There is no intra-UDRP procedure for correcting a wrong decision. To state the case charitably, there are some decisions that deserved more than a single set of eyes, but the Policy provides no procedure for appeal. Recourse is to a national court, which in the United States would be a claim in district court under the Anticybersquatting Consumer Protection Act (ACPA). Either the law upon which a panelist rested his or her decision or his or her understanding of the law was grounded on a false premise. Such decisions are legal dead ends. Unfortunately, parties with small means are discouraged by the expense of a plenary action to mount a de novo challenge to a UDRP decision.

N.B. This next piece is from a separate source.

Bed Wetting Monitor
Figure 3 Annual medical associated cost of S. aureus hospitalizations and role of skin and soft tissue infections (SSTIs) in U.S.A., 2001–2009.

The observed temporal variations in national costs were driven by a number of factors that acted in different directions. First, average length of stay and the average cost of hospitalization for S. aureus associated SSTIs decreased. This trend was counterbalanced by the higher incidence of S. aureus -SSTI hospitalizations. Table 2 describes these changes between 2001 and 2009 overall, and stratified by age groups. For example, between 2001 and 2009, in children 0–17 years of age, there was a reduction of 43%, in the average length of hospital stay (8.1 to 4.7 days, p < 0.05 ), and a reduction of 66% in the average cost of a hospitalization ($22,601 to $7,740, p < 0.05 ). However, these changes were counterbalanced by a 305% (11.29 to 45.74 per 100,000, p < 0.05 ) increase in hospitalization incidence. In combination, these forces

While it is no comfort to the losers of an earlier case, it does happen that the correct law is applied in a later one. An example of this is Loma Linda University Adventist Health Sciences Center, et al. v. JM XTrade, Inc., Joseph Martinez, D2009-0036 (WIPO March 11, 2009) in which the sole Panel determined that the Complainant had a superior right to <lomalinda.org> and <lomalinda.net> even though “Loma Linda” is a geographic location and not registrable as a trademark. The decision was recently voted the worst reasoned decision of 2009 by a distinguished panel at the T.R.A.F.F.I.C convention is Los Vegas.

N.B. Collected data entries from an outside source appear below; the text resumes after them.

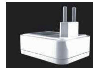
Type C (Europe)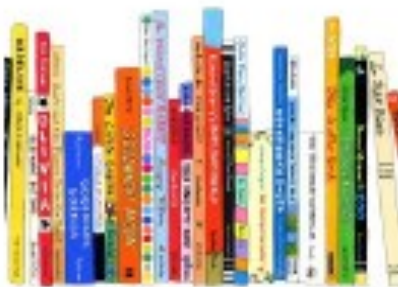
New Library Books

SOME OF THE RESOURCES YOUR FUNDS HAVE PROVIDED THIS YEAR INCLUDE: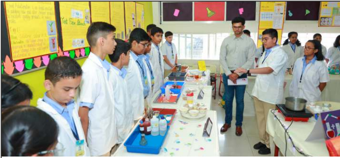
The Element of Surprise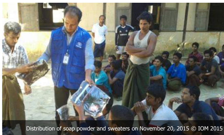
Distribution of soap powder and sweaters on November 20, 2015

IOM continues to work to upgrade the basic facilities of Taung Pyo, including building 7 new latrines, installing new roofing, repairing doors, windows and sleeping areas, and building a permanent kitchen block. The upgrades have been coordinated with BGP and will be completed by mid-December.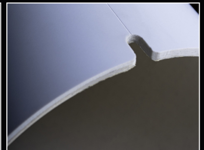
Easy positioning of adhesives and plates thanks to scribe lines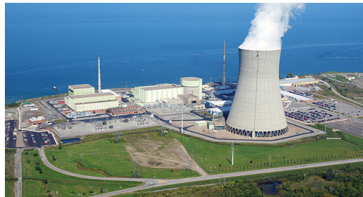
Nine Mile Point Nuclear Power Station

The correction to “Loma Linda 1” came in a majority decision in “Loma Linda 2”, Loma Linda University Adventist Health Sciences Center, Loma Linda University and Loma Linda University Medical Center v. Development Services, StateVentures, LLC, D2009-1059 (WIPO December 18, 2009) (<lomalinda.com>). The dissent, no other than the sole Panel in Loma Linda 1, stuck to his original position that although “geographic indicators do not qualify as a trademark right … [nevertheless] the name ‘Loma Linda’ should constitute an exception to the general rule.”

The majority in Loma Linda 2 rejected this position. “Complainant cannot rely on its United States registrations because those registrations specifically disclaimed any exclusive rights to the term ‘Loma Linda’.” And, in any event “the Complainant’s claim of secondary meaning in LOMA LINDA fails because over the years LOMA LINDA has become utilized by others in numerous contexts. Indeed, LOMA LINDA has become the name of a city with some 22,000 inhabitants.” The Respondent’s legitimate interest in the domain name rests on proof that it “is in the business of developing geographically-oriented websites featuring information and services about municipalities and other geographic regions.”